Contrattazione e rappresentanza tra ideologia e discontinuità

Contrattazione e rappresentanza tra ideologia e discontinuità

di Giacinto Menis – Segretario Generale UIL Friuli Venezia Giulia

 

In uno scenario internazionale sempre più globalizzato,le conseguenze sulle economie nazionali sono tali da coinvolgere direttamente il mondo del lavoro. E di ciò, tuttavia, non c’è piena consapevolezza, tanto che approcci e rivendicazioni restano talvolta ancorate nei porti rassicuranti ma stagnanti delle vecchie ideologie. E’ concettualmente errato, prima ancora che praticamente inopportuno, immaginare l’esistenza di variabili indipendenti all’interno di un mondo i cui ingranaggi sono sempre più complessi e interdipendenti.

Alla base di un simile atteggiamento c’è l’idea, ormai superata, che il lavoro possa essere una derivata della politica piuttosto che dell’economia e, dunque, che si possano sostenere le ragioni di una tutela per scelta e non per utilità di sistema.

La riforma del sistema contrattuale è stata una vicenda emblematica di quanto sia ancora profonda la divaricazione tra le due opzioni che occupano la scena delle relazioni industriali.

Per la Uil, aver attribuito un adeguato peso specifico alla contrattazione di secondo livello è stata una scelta nata dalla consapevolezza che la chiave di volta per la ripresa non possa che essere costituita dalla competitività del sistema – di cui la produttività è componente essenziale – e che, conseguentemente, lavoro e salario possano crescere a partire dal luogo in cui la ricchezza si produce.

Questo approccio assume i temi della competitività e del merito come obiettivi da realizzare, segnatamente a tutela dei soggetti più deboli. E’ qui che risiedono senso e significato nuovi di un immutato ruolo sindacale.

Senza una condivisione unitaria su questi temi, è illusorio pensare di scongiurare l’eventualità dei cosiddetti “accordi separati” che caratterizzano, in particolare, il settore metalmeccanico. Né ci si può illudere che la soluzione della questione “rappresentanza e rappresentatività” possa sciogliere gli intricati nodi in essere.

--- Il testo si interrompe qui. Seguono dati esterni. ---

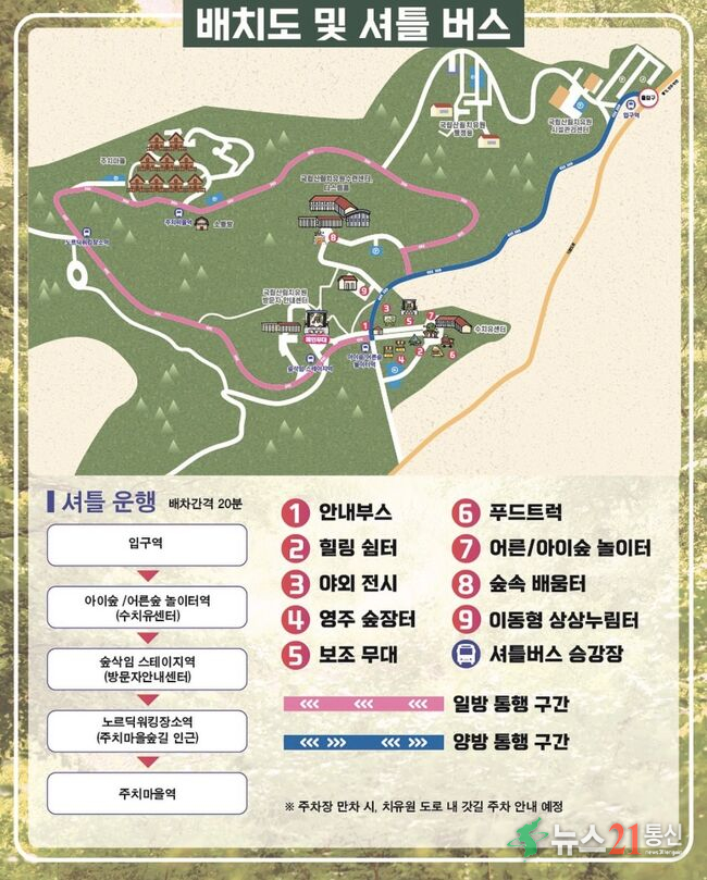 ‘2025년 백두대간 지역상생 산림치유박람회’ 행사 배치도 및 셔틀버스 운행 안내. 한국산림복지진흥원 국립산림치유원 제공
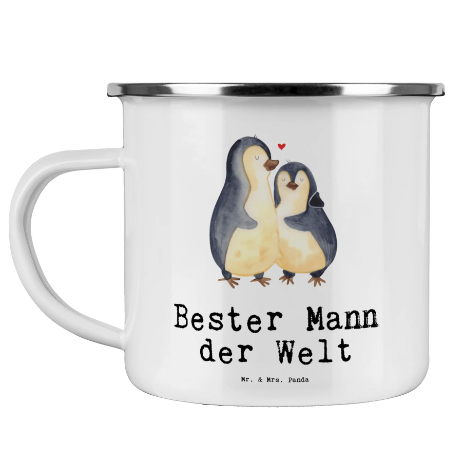 Die Camping Emaille Tasse mit dem süßen Pinguin-Motiv "Bester Mann der Welt" von Mr. & Mrs. Panda ist das perfekte Geschenk für deinen besonderen Mann. Egal, ob für den Geburtstag, als Dankeschön oder einfach so – mit dieser bezaubernden Tasse machst du ihm eine Freude, die ihm ein Lächeln ins Gesicht zaubert!

E’ riduttivo e ingannevole immaginare che le differenze tra Cgil, Cisl e Uil si potrebbero risolvere semplicemente condividendo il sistema delle regole. Convincersi di questo assunto vorrebbe dire confondere gli obiettivi con gli strumenti.

Peraltro, regole condivise già esistono, sia per la misurazione della rappresentatività, sia per l’esercizio della consultazione.

Infatti, l’accordo di giugno 2011 – firmato da tutte le maggiori Confederazioni sindacali – ha affrontato e risolto l’annosa questione della certificazione degli iscritti e ha definito un efficace sistema della misurazione della rappresentatività sindacale. E – almeno per quanto ci riguarda – quell’intesa è stata firmata non solo, e non tanto, per regolare i rapporti tra le parti sociali, quanto per meglio tutelare gli interessi dei lavoratori e del Paese, traguardando l’obiettivo di porre la persona-lavoratore al centro delle dinamiche aziendali e puntando, al contempo, alla concretizzazione di un principio di vecchia data ma di grande attualità, quello che tende a coniugare – nel sociale come nel lavoro – i meriti e i bisogni.

E’ perciò che, diversamente dalla Cgil, non avvertiamo affatto la necessità di una regolazione legislativa della materia: anzi, collocato in questa dimensione, il dibattito sulla rappresentanza rischia di essere fuorviante perché impedisce di fare, prioritariamente, i conti con la necessità della discontinuità circa il ruolo e i contenuti della contrattazione.

È’ questa la vera sfida per il sindacato confederale, politica e non regolatoria: quella di prendere atto della necessità di destrutturare il paradigma del conformismo e della continuità e di costruire, insieme, le basi di una forza sindacale autenticamente riformista.